In the early 2000’s, Fox aired two programs that represents the worst of the worst of reality television: Joe Millionaire (2003) and Who Wants to Marry a Multi-Millionaire? (2000)

The focus of Joe Millionaire was Evan Marriott. The female contestants vying for his affection are told that he is a wealthy man seeking a spouse. But the reality is that Mr. Marriott is far from wealthy, he is a construction worker. At the end of the series, the truth of his occupation was revealed. If the chosen woman stayed with Mr. Marriott, the couple would earn a million dollars.

The premise of Who Wants to Marry a Multi-Millionaire? was a cross between a Miss America like beauty pageant and a game show.
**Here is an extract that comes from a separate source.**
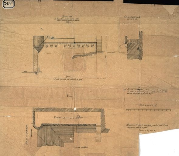 Plan, coupe, élévation de l'ancien mur de ville sur lequel s'appuie le bastion Notre-Dame, 1870. AD Morbihan 1Fi 315/18.Immatriculation

The female contestants went through the motions of participating in a beauty pageant. But instead of earning the title that is ordinarily bestowed on the winner of such events, they earned the title of the wife of an unknown multi-millionaire. In the end, Darva Conger won the competition and instantly married Rick Rockwell. Let’s just say leave it as there was no happily ever after for this couple.

The problem with these shows is two-fold. The first issue is that it still spreads the idea that a woman’s only goal in life should be finding a husband. The second issue is that it says that some women, when they do marry, are for lack of a better term, gold diggers. They choose a spouse based on one’s fortune and not on one’s person.

I just find both shows to be despicable and a complete waste of my precious television viewing time.

Do I recommend both? Absolutely not.